Чтобы наблюдать за субклеточной локализацией GFP, после 48 часов агроинфильтрации Nicotiana benthamiana выберите плоский лист и сделайте шестимиллиметровое отверстие с помощью дырокола. Капните 30% раствор сахарозы на предметное стекло. Поместите образец листа обратной стороной вверх и накройте его покровным стеклом.
Соберите неповрежденные, свежие листья N.benthamiana, экспрессирующие рекомбинантный GFP, через три дня после агроинфильтрации и взвесьте листья. Промойте листовую пластинку предварительно охлажденной, стерилизованной водой двойной дистилляции для удаления мусора. Погрузите 20 грамм абаксиальной стороной вниз в 500 миллилитров предварительно охлажденного 100-миллимолярного фосфатного буфера в стакан с широким горлышком объемом 1000 миллилитров.
Накройте листья капроном толщиной 100 сетки, тонкой сетчатой пряжей и пластиковой тарелкой. Подключите стакан к вакуумному насосу. Подайте вакуум 0,8 мегапаскаль на одну минуту, затем быстро восстановите до атмосферного давления.
Извлеките листья из буфера и аккуратно промокните насухо впитывающей бумагой. Скатайте листья и оберните их сетчатой пряжей. Для сбора апопластичной промывочной жидкости, или AWF, поместите свернутые листья кончиком вверх в 50-миллилитровые центрифужные пробирки с сетчатой нитью, скрепленной крышками пробирок.
Центрифугируйте листья при 500 г в течение пяти минут при четырех градусах Цельсия. Удалите листья и соберите AWF с помощью пипетки. Добавьте смолу Nickel Sepharose excel в тюбик в соотношении один к 1, 000 относительно объема экстракта белка.
Промойте никелевую смолу три раза, по очереди по очереди в 10 раз больше объема смолы, чем в воде двойной дистилляции, и фосфатном буфере. Инкубируйте экстракт белка с никелевой смолой в течение двух часов, чтобы обеспечить полное связывание. Затем центрифугируйте при 500 г в течение пяти минут при четырех градусах Цельсия, чтобы удалить несвязанные белки из надосадочной жидкости.
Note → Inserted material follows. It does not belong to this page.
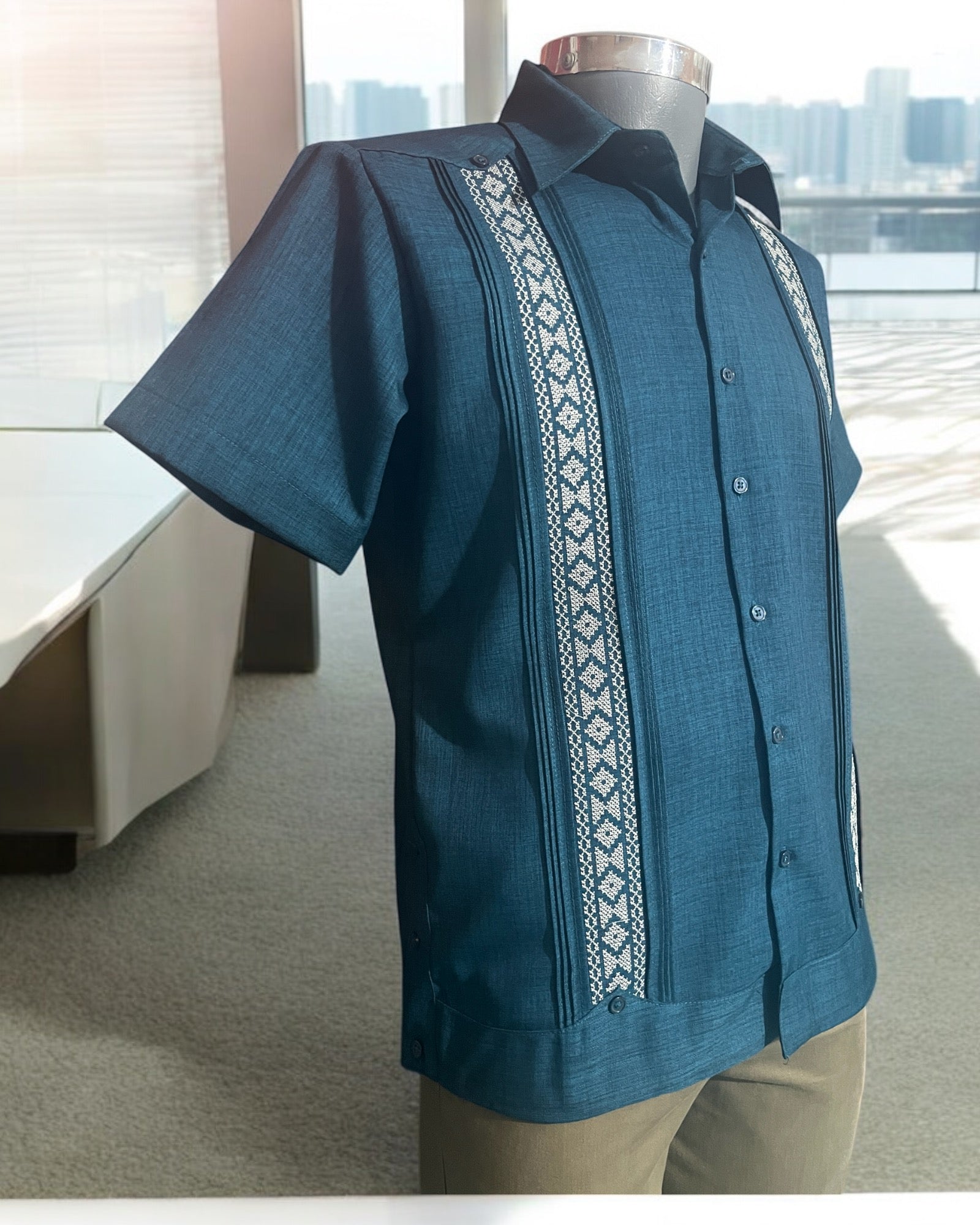 Guayabera Manga Corta MOD.068 Color Gris con bordado Tuxpan
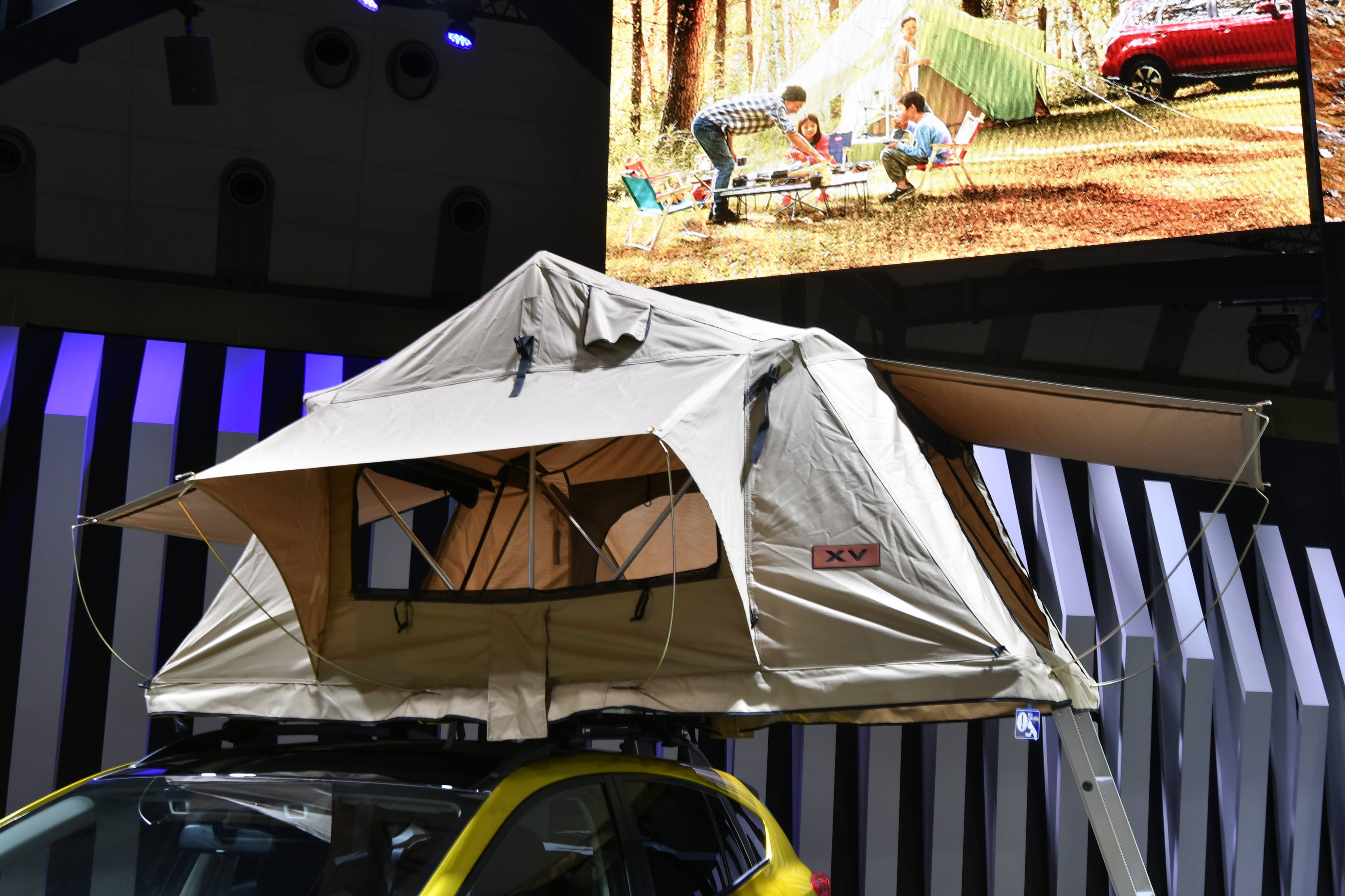こうした特別装備もさることながら、会場ではルーフ上にテントを設営するなど、遊び心あふれる演出も。「SUVは使ってナンボ」、「SUVは外で楽しんでこそ」という提案ですが、そんな使い方がしっかり板に付いているのも、XVが本格SUVだからかもしれません。

Промойте три раза с 20-кратным объемом смолы фосфатного буфера. После последней промывки добавьте в 10 раз больше объема смолы 250 миллимолярного имидазола, чтобы разбавить GFP. Центрифугируйте смесь при 500 г в течение пяти минут при четырех градусах Цельсия и соберите надосадочную жидкость.
Вестерн-блоттинг подтвердил переходную экспрессию 30 килодальтон рекомбинантного белка GFP в N.benthamiana. Флуоресцентная микроскопия показала наличие GFP в апопласте. Белки AWF, экстрагированные вакуумным инфильтрационным центрифугированием, также содержали GFP.
Из восьми протестированных растворов для экстракции фосфатный буфер экстрагировал наибольшее количество AWF и GFP. Сравнение фосфатного буфера при различных pH показало улучшенную экстракцию AWF и GFP при нейтральных и слабощелочных условиях. Кроме того, 100 миллимолярный фосфатный буфер показал максимальную эффективность для восстановления AWF и GFP.
С помощью 100-миллимолярного фосфатного буфера из апопласта было извлечено 495 микрограммов общих белков AWF на грамм свежего листа. Экстрагированный AWF содержал 10 мкг GFP, что соответствовало примерно 18% GFP в общем объеме растворимого белка. После аффинной хроматографии с никелем чистота GFP достигла 84,3% от экстракции AWF, что значительно выше, чем чистота 44,9%, достигнутая при экстракции общего растворимого белка.